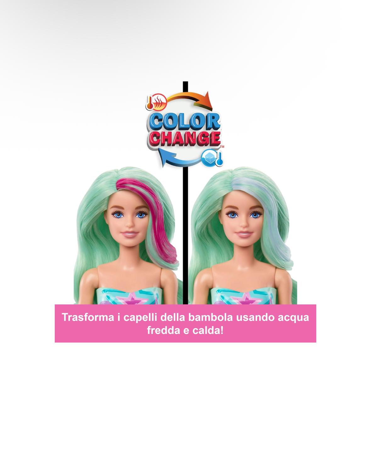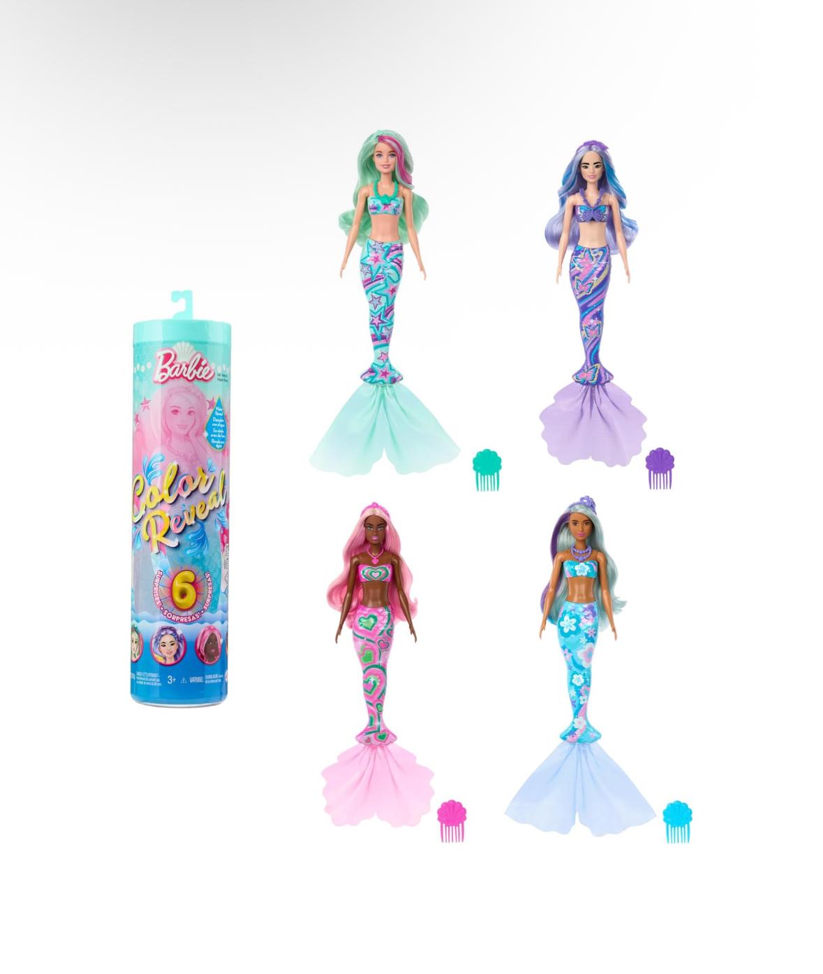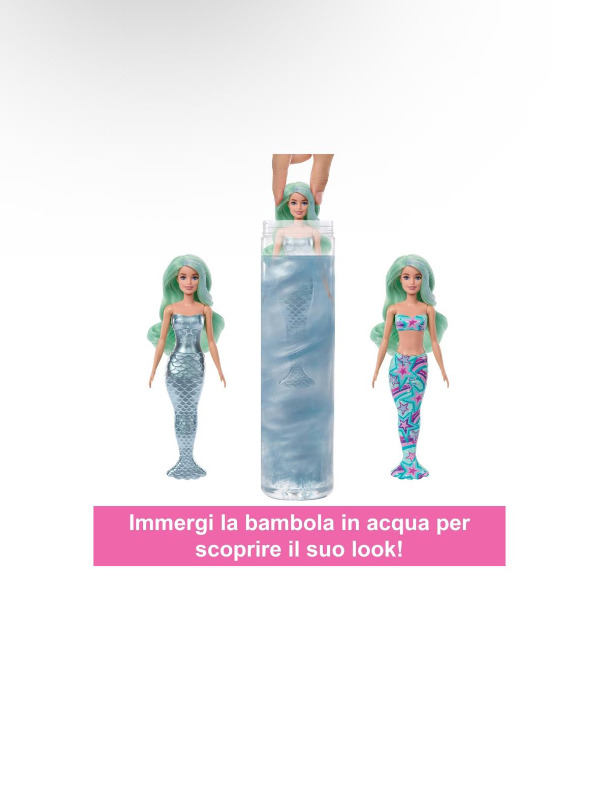 - Con 6 sorprese in ogni confezione di bambole Barbie Color Reveal, il divertimento è assicurato: bambini e bambine adoreranno scoprire la serie sirene con l’innovativa e originale funzione Color Reveal! (194735178766)
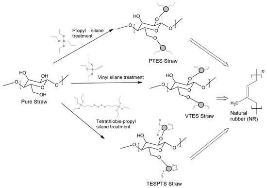 As straw surface modifiers, silanes of the different structures have been investigated, which exhibited different activities in the vulcanization of NR. Vulcanization is a chemical process for cross-linking unsaturated polymeric chains of rubber using sulfur. This process has played an important role to achieve the elasticity of rubber.
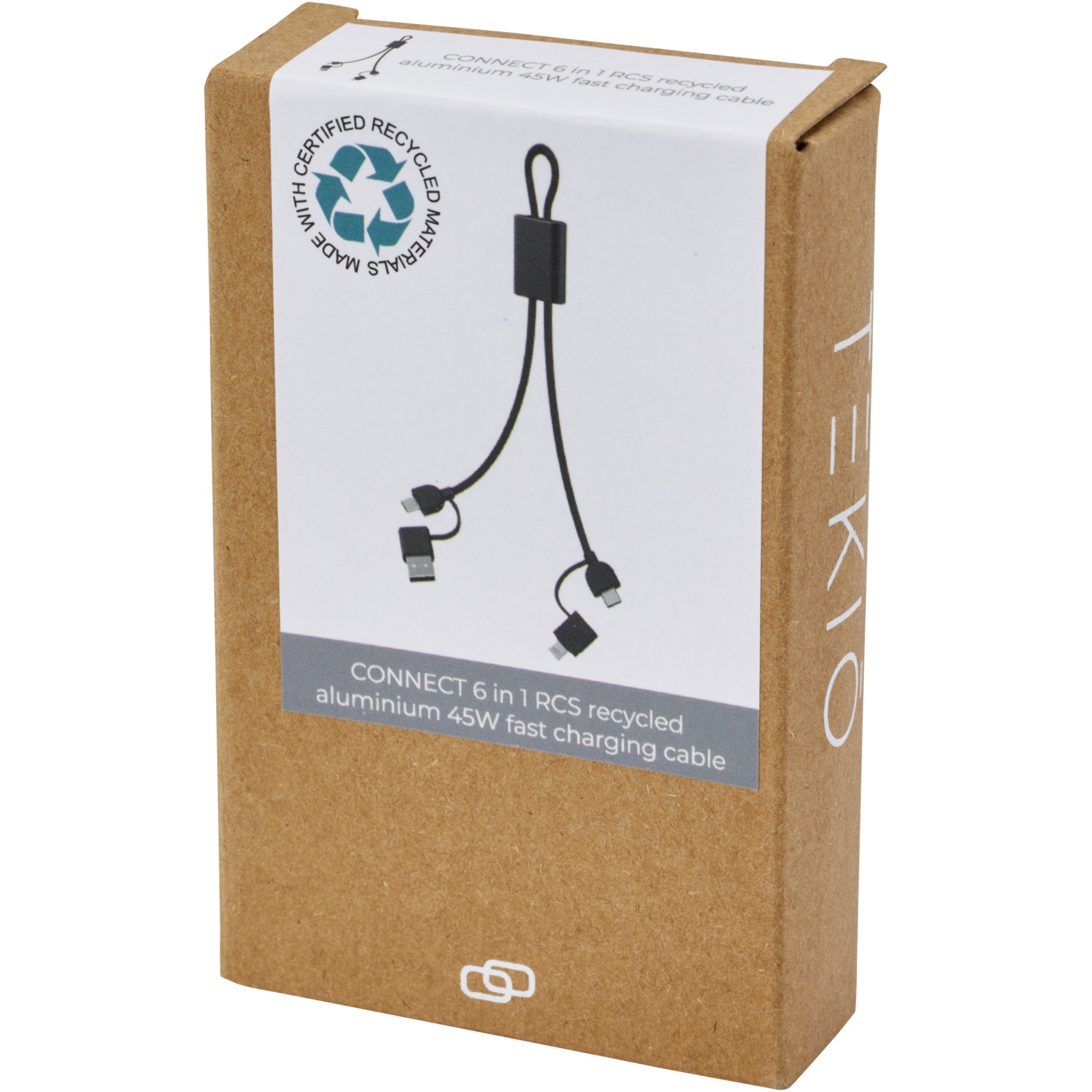 Logo trade liikelahja kuva: Connect 6-in-1 pikalataus- ja datasiirtokaapeli 45 W RCS-kierrätetystä alumiinista
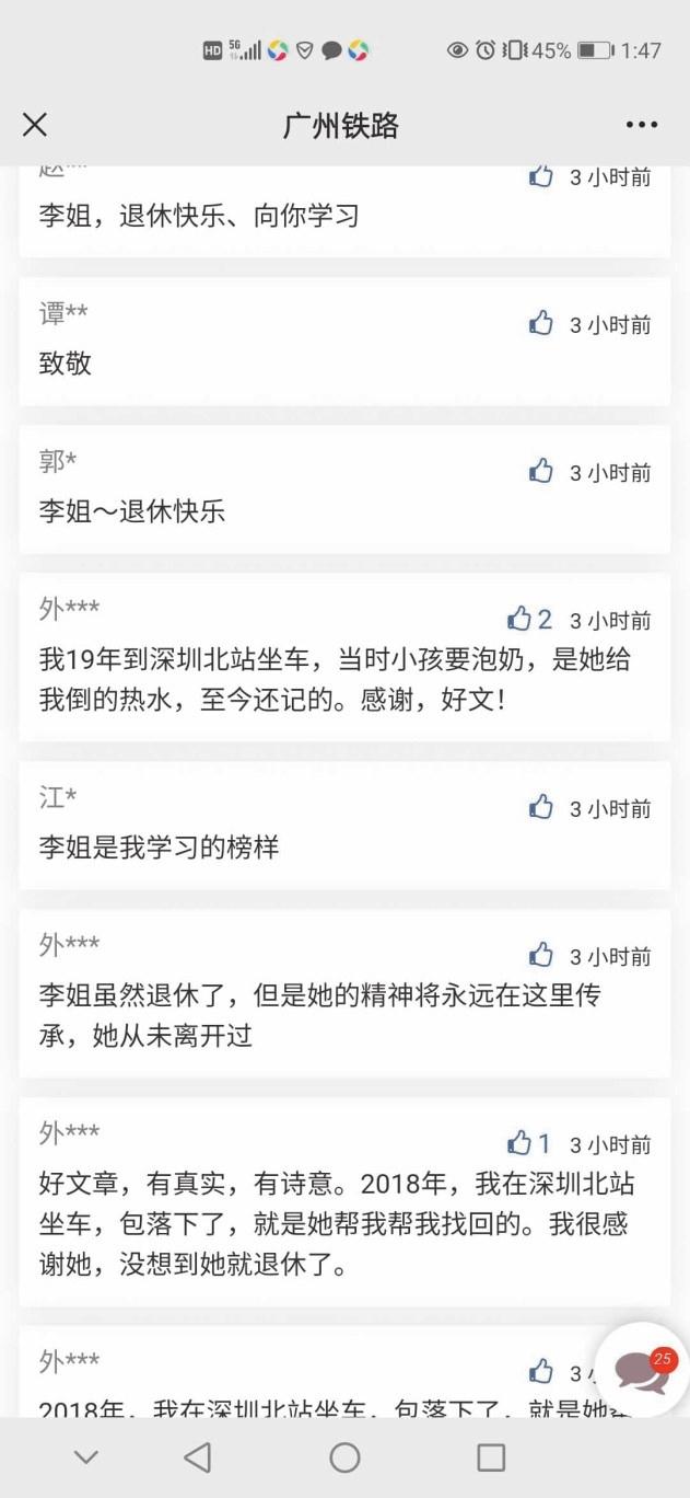 “我2019年到深圳北站坐车,当时小孩要泡奶,是她给我倒的热水,至今记得。感谢!”“2018年,我在深圳北站坐车,包落下了,就是她帮我找回的。我很感谢她,没想到她就退休了。”“六月底,在动车丢了一个背包,里边有贵重物品,感谢李姐帮我找回来。”“祝福兰姐以后人生一样精彩,永不言休,身体健康。”……深圳北站在线上发布了关于李贵兰退休的推文后,不少旅客前来留言,讲述在北站和“兰姐”的一面之缘、“兰姐”温暖伸出援手的故事。
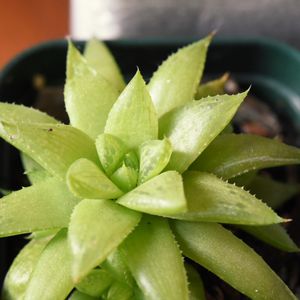 ハオルチア 菊花の舞 ほぼ1ヶ月前に、根っ子の無い状態で、ホームセンターの赤札コーナーから、救出した子 真ん中が緑になって来たよ!頑張れ!
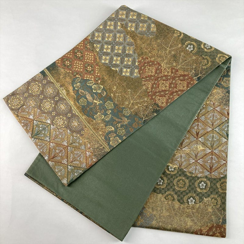 (中古)袋帯 金緑 フォーマル 六通 織り 引き箔 金糸 雲取り 天平文 絹
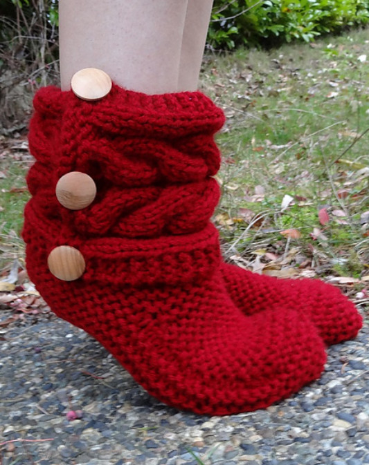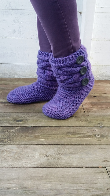 Cast on 22 sts on needle size 6 mm with Snow. Work 1 ridge in garter st, on last row inc 6 sts evenly = 28 sts. Work according to A.1 (= 28 sts) until piece measures approx. 32-33-35 cm, on last row dec 3 sts over every cable in A.1 = 22 sts. Work 1 ridge in garter st and cast off. Place cast-on edge over cast-off edge and sew on 3 buttons for decoration through the leg. Pull leg 2 cm down on foot with buttons on the outside of slipper and sew leg to cast-on edge on slipper from WS with invisible stitches.
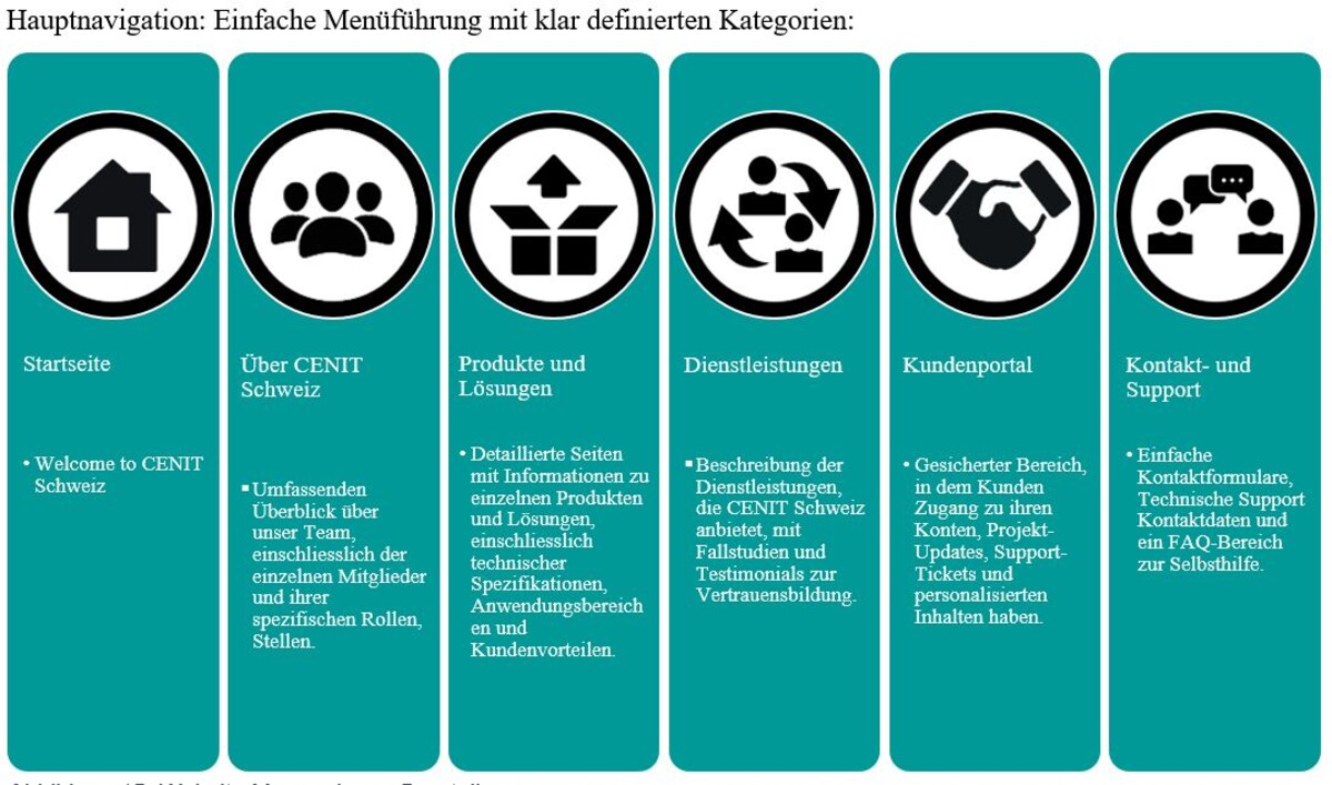 Bislang verfügt CENIT Schweiz über keine eigenständige Website und ist auf der globalen Plattform von CENIT als Landesorganisation kaum repräsentiert, was die lokale Sichtbarkeit und Interaktion mit den Kunden deutlich einschränkt. Die Problemanalyse hat aufgezeigt, dass es an einer Schweiz spezifischen Website mangelt. Die Diplomarbeit setzt sich zum Ziel, diese Lücke zu schliessen, indem sie eine Website Konzept entwickelt, die gezielt auf die Bedürfnisse des Schweizer Marktes eingeht.
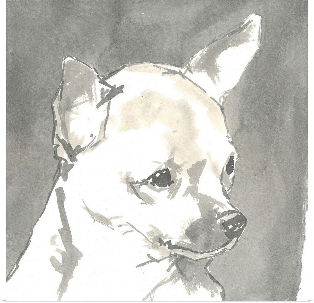 Art Decorative Art Grey Wall Art Painting Watercolor Wildlife Dog Chihuahua
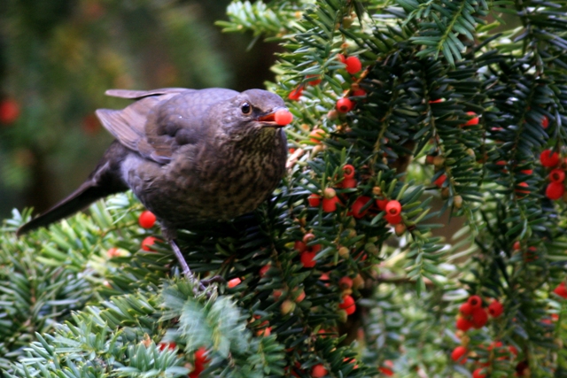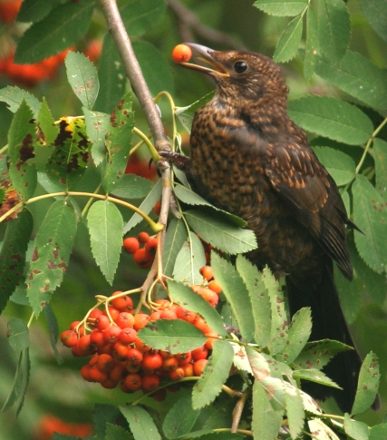 Dabei ist sie erst in neuerer Zeit als Bewohnerin des Waldes in die Städte gezogen und fühlt sich hier, nicht nur in Gärten und Parks, ausgesprochen wohl. Vielfach überwintert sie bei uns, so dass wir sie das ganze Jahr über beobachten können. Dankbar ist sie, wenn wir ihr im Herbst Blätter zwischen den Stauden und Blumen liegen lassen, so dass sie nach Würmern suchen kann. Und im Herbst verschmäht sie kaum eine Beere, wie man auf den Fotos sehen kann.
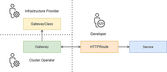 - The Cluster operator manages the Gateway resource and may define cluster-wide routing limitations for xRoute resources such as HTTPRoute.
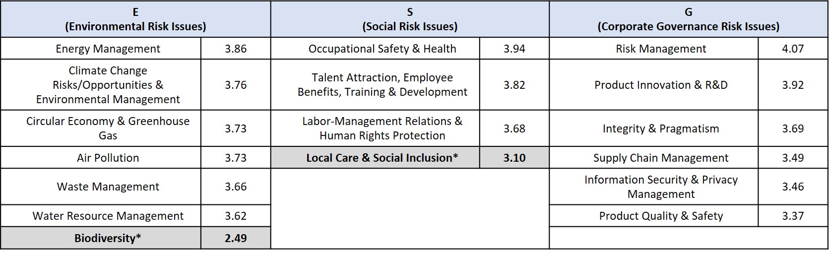 1. Identification, Analysis and Assessment of Key Risk Issues
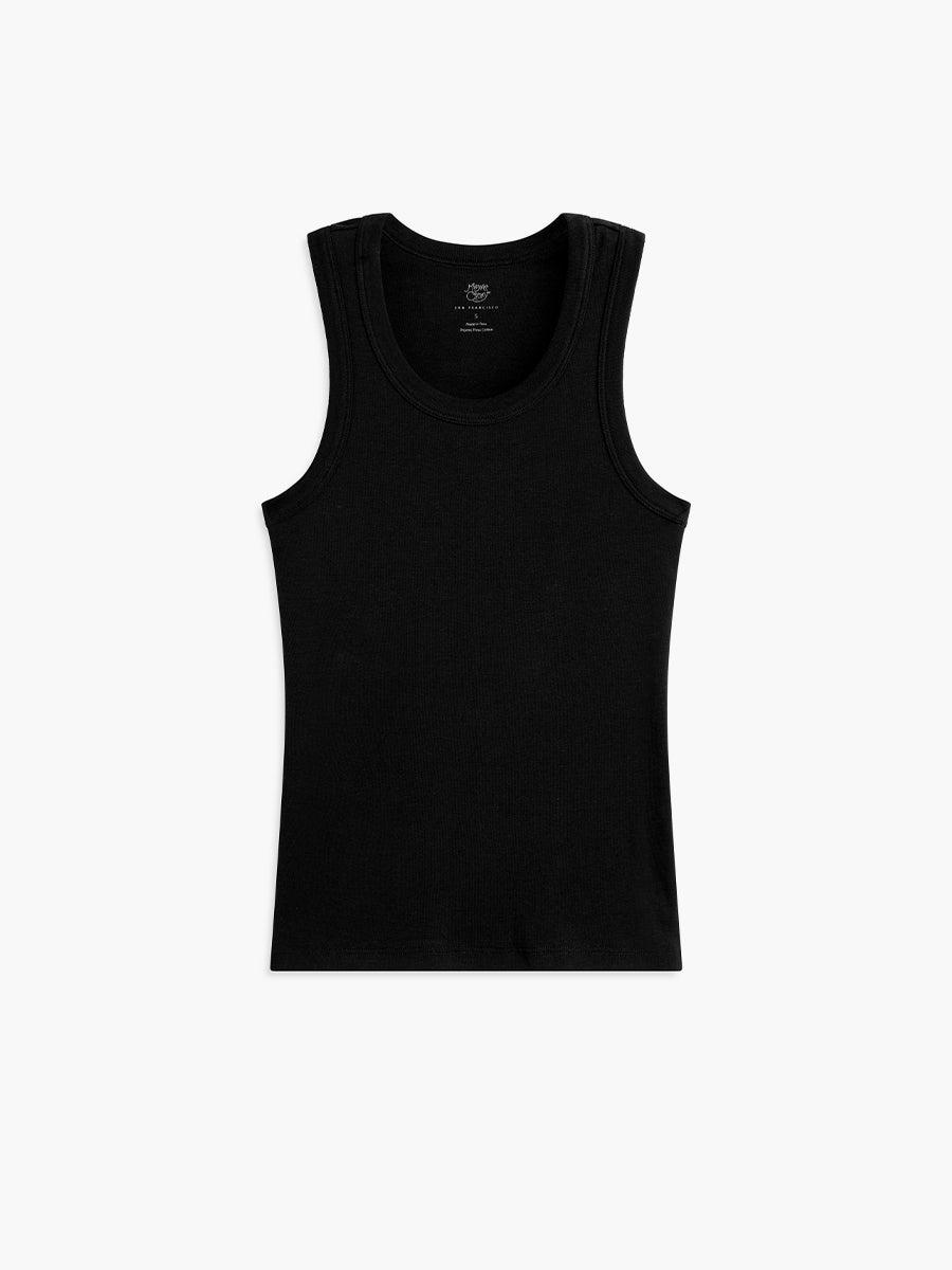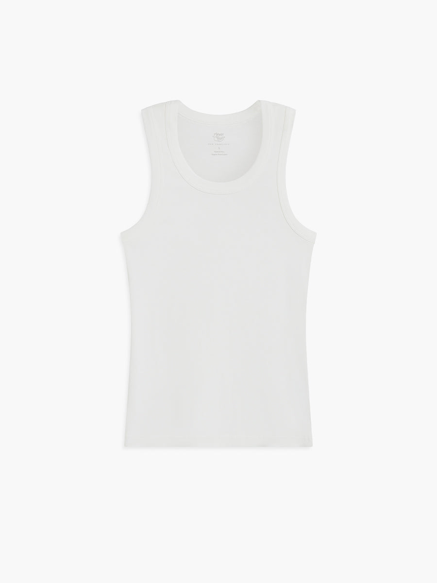 Our core tank is crafted from organic Pima cotton rib, offering the same luxurious feel and practicality as our signature tees—only lighter and more breathable for warm weather or effortless layering.

TASK: Without the pictures, print the whole listing exactly as given.

YOUR RESPONSE:
 - Con 6 sorprese in ogni confezione di bambole Barbie Color Reveal, il divertimento è assicurato: bambini e bambine adoreranno scoprire la serie sirene con l’innovativa e originale funzione Color Reveal! (194735178766)
 As straw surface modifiers, silanes of the different structures have been investigated, which exhibited different activities in the vulcanization of NR. Vulcanization is a chemical process for cross-linking unsaturated polymeric chains of rubber using sulfur. This process has played an important role to achieve the elasticity of rubber.
 Logo trade liikelahja kuva: Connect 6-in-1 pikalataus- ja datasiirtokaapeli 45 W RCS-kierrätetystä alumiinista
 “我2019年到深圳北站坐车,当时小孩要泡奶,是她给我倒的热水,至今记得。感谢!”“2018年,我在深圳北站坐车,包落下了,就是她帮我找回的。我很感谢她,没想到她就退休了。”“六月底,在动车丢了一个背包,里边有贵重物品,感谢李姐帮我找回来。”“祝福兰姐以后人生一样精彩,永不言休,身体健康。”……深圳北站在线上发布了关于李贵兰退休的推文后,不少旅客前来留言,讲述在北站和“兰姐”的一面之缘、“兰姐”温暖伸出援手的故事。
 ハオルチア 菊花の舞 ほぼ1ヶ月前に、根っ子の無い状態で、ホームセンターの赤札コーナーから、救出した子 真ん中が緑になって来たよ!頑張れ!
 (中古)袋帯 金緑 フォーマル 六通 織り 引き箔 金糸 雲取り 天平文 絹
 Cast on 22 sts on needle size 6 mm with Snow. Work 1 ridge in garter st, on last row inc 6 sts evenly = 28 sts. Work according to A.1 (= 28 sts) until piece measures approx. 32-33-35 cm, on last row dec 3 sts over every cable in A.1 = 22 sts. Work 1 ridge in garter st and cast off. Place cast-on edge over cast-off edge and sew on 3 buttons for decoration through the leg. Pull leg 2 cm down on foot with buttons on the outside of slipper and sew leg to cast-on edge on slipper from WS with invisible stitches.
 Bislang verfügt CENIT Schweiz über keine eigenständige Website und ist auf der globalen Plattform von CENIT als Landesorganisation kaum repräsentiert, was die lokale Sichtbarkeit und Interaktion mit den Kunden deutlich einschränkt. Die Problemanalyse hat aufgezeigt, dass es an einer Schweiz spezifischen Website mangelt. Die Diplomarbeit setzt sich zum Ziel, diese Lücke zu schliessen, indem sie eine Website Konzept entwickelt, die gezielt auf die Bedürfnisse des Schweizer Marktes eingeht.
 Art Decorative Art Grey Wall Art Painting Watercolor Wildlife Dog Chihuahua
 Dabei ist sie erst in neuerer Zeit als Bewohnerin des Waldes in die Städte gezogen und fühlt sich hier, nicht nur in Gärten und Parks, ausgesprochen wohl. Vielfach überwintert sie bei uns, so dass wir sie das ganze Jahr über beobachten können. Dankbar ist sie, wenn wir ihr im Herbst Blätter zwischen den Stauden und Blumen liegen lassen, so dass sie nach Würmern suchen kann. Und im Herbst verschmäht sie kaum eine Beere, wie man auf den Fotos sehen kann.
 - The Cluster operator manages the Gateway resource and may define cluster-wide routing limitations for xRoute resources such as HTTPRoute.
 1. Identification, Analysis and Assessment of Key Risk Issues
 Our core tank is crafted from organic Pima cotton rib, offering the same luxurious feel and practicality as our signature tees—only lighter and more breathable for warm weather or effortless layering.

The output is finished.